Page speed compounds this. AI crawlers operate under strict time budgets. Readable's analysis of crawl behavior found that a page with 5-second load time allows an AI to index about 6 pages in a session. A page with 1-second load time allows 30. Faster pages get more of your content into the AI's knowledge base.
The target: time to first byte (TTFB) under 200ms is excellent. Under 500ms is good. Over 2 seconds risks timeout, meaning the AI gives up and moves to the next source.
Readable also analyzed 2 million AI-agent requests across 100+ websites. None requested /llms.txt, the proposed standard for guiding AI understanding. AI agents just fetch standard pages: homepage, docs, pricing, blog. Do not waste time on special AI-only files. Make your real pages readable.
What AI Crawlers Want to See
Scrunch's analysis of what works for AI search optimization boils down to a simple principle: serve good HTML with lots of readable text, straight from the server.
Specifically:
- Clear heading structure. H1, H2, H3 tags that describe the content hierarchy. AI parsers use these to understand what each section is about.
- Server-rendered text. Key facts about your business in the initial HTML response. No JavaScript required to read them.
- Schema markup. JSON-LD in the page head that explicitly describes your business entity. LocalBusiness, Hotel, Restaurant, or whatever schema type matches. This is structured data that AI systems parse directly.
- Minimal navigation clutter. AI crawlers extract content from the entire page. If 60% of your page is navigation, footer links, and sidebar widgets, the signal-to-noise ratio drops.
- Text alternatives for media. Alt text on images. Transcripts for videos. AI crawlers cannot see images or play videos.
The Schema Markup Priority
If you do one thing from this article, add JSON-LD schema markup to your homepage. This is the highest-signal, lowest-effort change you can make for AI visibility.
Schema markup is a block of code in your page's <head> that explicitly tells machines: "This is a hotel. It is located here. Check-in is at this time. It has these amenities. Here is the phone number."

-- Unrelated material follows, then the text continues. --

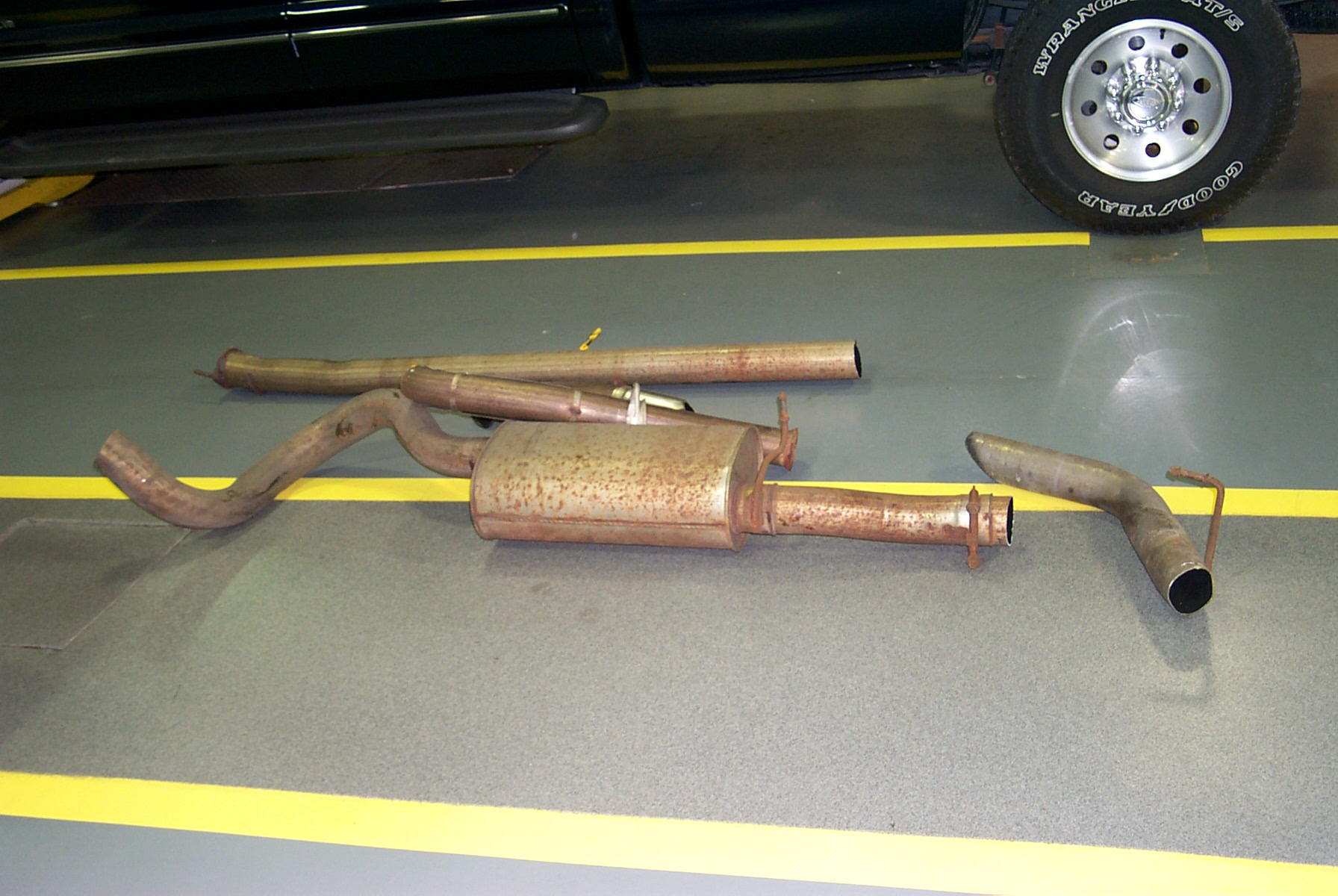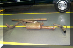 Here's the original - cut at the bend in the down pipe and the intermediate pipe (they would not separate).  Even though the OEM Exhaust may look bad, it should remain solid and last at least 5 Years/100,000 Miles.  I used soapy water to help remove the original exhaust hangers from the rubber pucks.

You are not hoping the AI will figure this out from your prose. You are telling it directly in a format designed for machine consumption.
Example for a hotel:
{
"@context": "https://schema.org",
"@type": "Hotel",
"name": "Your Hotel Name",
"address": {
"@type": "PostalAddress",
"streetAddress": "123 Main St",
"addressLocality": "Your City",
"addressRegion": "Your State",
"postalCode": "12345"
},
"checkinTime": "14:00",
"checkoutTime": "11:00",
"amenityFeature": [
{"@type": "LocationFeatureSpecification", "name": "Pool"},
{"@type": "LocationFeatureSpecification", "name": "Restaurant"}
],
"starRating": {"@type": "Rating", "ratingValue": "4"},
"telephone": "+1-234-567-8900"
}
For a restaurant, use Restaurant. For a SaaS product, use SoftwareApplication. The schema types exist for nearly every business category.
The Audit Checklist
- Check your robots.txt. Are you blocking GPTBot, Google-Extended, or PerplexityBot?
- Check your CDN settings. Is bot protection catching AI crawlers?
- Curl your homepage. Is your key business content in the raw HTML?
- Check for schema markup. Is there JSON-LD in your page head?
- Test with Google's Rich Results Test. Does your structured data validate?
Most of these checks take less than ten minutes. The fixes may take longer, depending on your tech stack. But knowing the problem is the first step.